Why a risk-based approach to compliance involves not meeting all regulatory obligations around occupational health and safety
The occupational health and safety regulatory environment is vast and overbearing, so attempts to be 100% compliant can hinder best practice risk management.
Michael Tooma, partner and head of occupational health safety and security, Asia-Pacific, Norton Rose Fulbright, says people are obsessed with regulation and full compliance.
“We have an obsession around talking about law and compliance,” Tooma said at the RIMS Australia conference in Melbourne this week. “We need to start looking at regulation and compliance a little bit differently.
“In relation to every aspect of our operational requirements, we take risks. Those are measured risks, but when it comes to law we have zero tolerance – we think we must be fully legally compliant.”
Tooma explains that health and safety laws are about 700-800 pages long, just in acts and regulations alone. Then there are company codes of practice too.
“Is it desirable to comply with all laws? Should we actually be building in risk management in our legal compliance strategies?” he asks.
“When you think of those 700 to 800 pages of law in relation to safety, some of them are quite valid. You have got some very specific regulations, dealing with high-risk activities which need to be regulated. Then there are requirements which can be considered nothing more than administrative compliance.
“There is a lot of red tape in terms of how you set-up a committee for health and safety purposes, how often it meets, how it records minutes, and a whole range of reporting and recording-keeping requirements, plus a whole other world of transactional-based regulations,” he says.
Tooma says many firms attempt to achieve a “nirvana of 100% legal compliance”.
“You cannot meet all your obligations effectively and when you try to mobilise your procedures and deal with the vast array of obligations as if they are all of equal importance, then you are going to have a blow-out in the size of your policies and procedures.

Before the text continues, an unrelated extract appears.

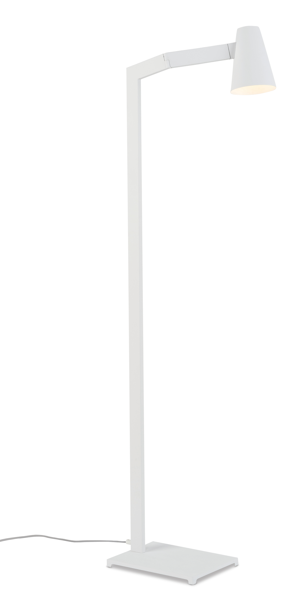 De vloerlamp Biarritz heeft een robuuste standaard van stedelijk metaal met een witte afwerking. De draaibare kap maakt het de perfecte leeslamp. Deze opvallende lamp voegt een vleugje klasse toe aan je kamer met een afmeting van 41x20x142cm. De lamp heeft een geschuurde afwerking en een chique uitstraling.

“The more that you expect people to do, the less likely they are to do it.
“It is ironic because that obsession to be 100% compliant is what is driving us not to be compliant due to the burdensome system we have built,” he says.
Tooma suggests that firms should take a “risk-based approach” to legal compliance.
“For all the talk of productivity, compliance and law, the actual reality of workplace health and safety is that no inspector comes knocking on your door unless you have had a significant incident. That is usually a fatality or serious near-miss.
“If you spend all your time preventing that event happening, in all likelihood no-one will come knocking on your door to ask you about compliance.
“So rather than being obsessed by the law, do what the law is intending for you to do – protect the health and safety of your people,” he says.
Dr Sarah Jones, group manager for road transport, Toll Group, says the biggest challenge in transport and logistics risk management is ascertaining what exactly is supposed to be done in a legal and regulatory sense around health and safety.
“Compliance is extremely difficult and there is a vast depository of legal risk obligations. The majority of companies in our industry are small businesses and only have one truck,” says Jones.
“So I pose the question: is compliance even possible for the average individual in our industry?”
Andrew Lewin, vice president of safety and security, BHP Biliton, adds that there has been an evolution from full compliance to using risk management as an optimisation tool.
“In the past it seemed like you had to manage all your risks and that drove a lack of optimisation and prioritisation,” says Lewin.
“It is impossible to manage every risk to the same level. You really need to understand what are your biggest risks and optimise them.
“Having legislation which drives you to manage all of those risks just creates issues when you are trying to prioritise risks,” he adds.